There are characters that literally come out of nowhere, but this lack of build-up helps establish how strange this world can become, rather than hindering the piece. I found myself nodding my head at the more insane explanations. It was as if you were seeing an old friend do an insane stunt and you were goading them along to its logical conclusion. The logical conclusion being highly entertaining, yet a little on the dangerous side.
Can You Snort A Comic Book?
This art feels like you’ve done the good drugs and I think I’m acclimated to those drugs. I’ve never actually done drugs, but I believe the analogy is relevant. While there’s a freeing child-like quality to these pages, there’s also an adult high-octane action that helps The Street Angel Gang differentiates itself from the pack. I am ninety-nine percent certain that I can spot this art out in a comic book shop at a distance.

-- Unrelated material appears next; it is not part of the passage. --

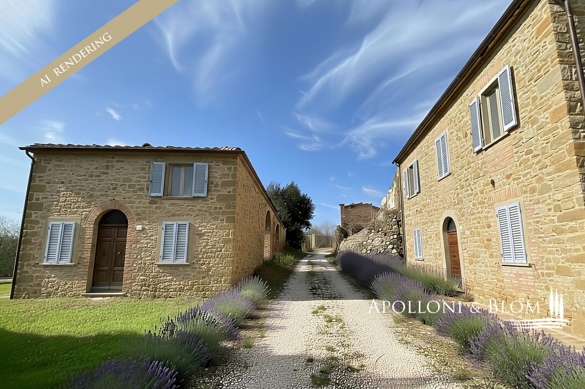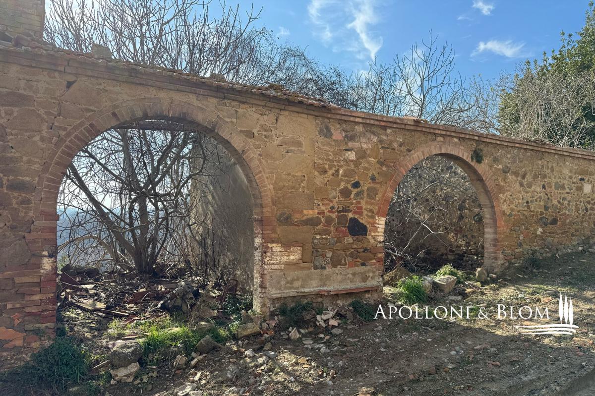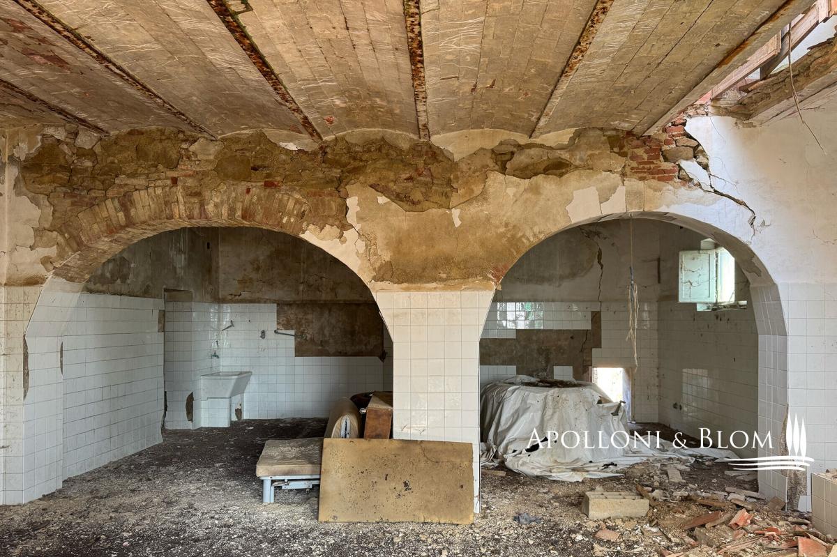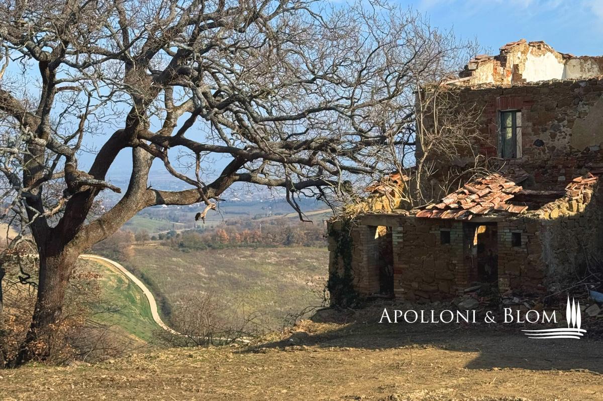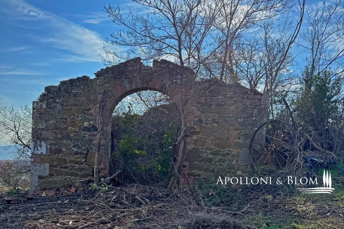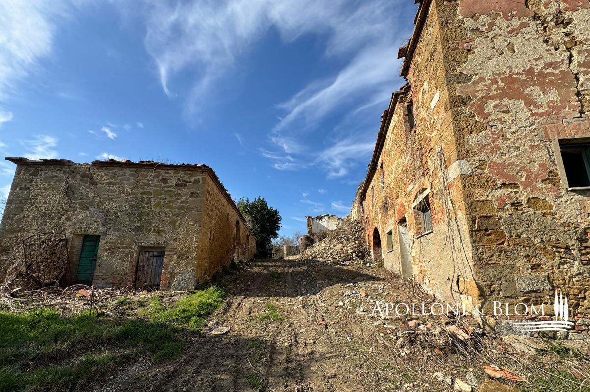 Investment Opportunity in the Heart of Tuscany: stone ruins to upgrade with 71 hectares of agricultural land for sale near Montepulciano. Located just 10 minutes from Montepulciano, in one of Tuscany’s most sought-after areas, this rural property offers a rare opportunity for investors and developers looking to establish a hospitality or agricultural venture in a highly touristic region. The estate enjoys sweeping views over the Val di Chiana countryside and is easily accessed via a 1.3 km gravel road, providing both seclusion and proximity to key services. Today’s photographs reveal what needs to be rebuilt: walls, roofs, floors; yet the future already takes shape in the architectural renderings. The property includes a traditional stone farmhouse on two levels, a detached annex featuring large original arches, and two agricultural sheds, for a total built surface of approximately 1,080 square meters (11.625 sq ft ) in need of full restoration. With the potential to create up to 30 rooms, the property allows flexibility in design and layout, it lends itself perfectly to redevelopment into a high-end agriturismo. Its architectural character and internal volumes are ideal for creating multiple guest apartments or suites, complemented by a swimming pool, landscaped gardens, or wellness areas. Alternatively, it could be transformed into a prestigious private estate with agricultural operations, combining lifestyle and land productivity. Surrounded by over 71.4 hectares (176 acres) of land, the estate combines arable farmland, mature olive trees, small wooded areas, and open fields, offering excellent potential for agricultural development, such as organic farming, olive oil production, or viticulture. Apolloni Blom offers full support throughout the redevelopment process, with a network of local professionals ready to assist with every aspect of the project, including permits, architecture, and turnkey delivery. For more information or to arrange a visit, contact us and explore the full potential of this investment opportunity in one of Tuscany’s most desirable locations. Property REF: MTP3369 Location: Montepulciano; Province: Siena; Region: Tuscany Type: ruin of farmhouse with external annex, arranged on two levels, totaling approx. 1,080 sq m/11.625 sq ft + 71.4 hectares/176 acres of agricultural land + a detached 120 sq m/1291 sq ft agricultural outbuilding + 2 agricultural warehouses Conditions: to be restored Land: 71.4 hectares/176 acres Layout: up to thirty rooms as per the original plan, but being a ruin, it can be re-designed Utilities: Well: not present but the soil is rich in water Water: mains city supply Electricity: available Distance from services: 5 km Distance from the main airports: Perugia 82 km, Florence 120 km, Rome 235 km Gravel road: 1.3 km- garden

Furthermore, the moments of clarity within the character Jesse’s facial expressions gives the reader a chance to find her relatable. While it’s difficult to relate to a homeless ninja as a regular person, it’s easier to find commonality when it comes to wanting a family. A lot of people desire a place they feel like they belong.
The character designs pushed this concept further along. You look at everyone and think they don’t quite fit in regular society in both our world and their world. These visual cues are good because they’re not the end all and be all. They do have people that care about them. It’s just that they needed to join a dangerous culture to have that feeling of connection. This feeling is brought out by how well the writing and the art mesh together to create this world.
The Street Angel Gang Cleans It’s Pizza-Stuffed Face Up Well
I would’ve liked this issue to be the first published, but not for the reasons you’d expect. You can’t and shouldn’t erase the past because I’ve changed my mind a little in regards to Kung-Fu Special.
As opposed to not being a strong start, I think Kung-Fu Special had a lot of character development that would be better served at a later moment. Thinking back, I appreciated Jesse acting like a kid and trying to relate to others in her own age range.
The Street Angel Gang, on the other hand, had the adventurous quality I would enjoy more if it’d been the debut of the series. It’s an easy fix by reading the two out of order. In any case, I recommend both since I’m starting to love this world.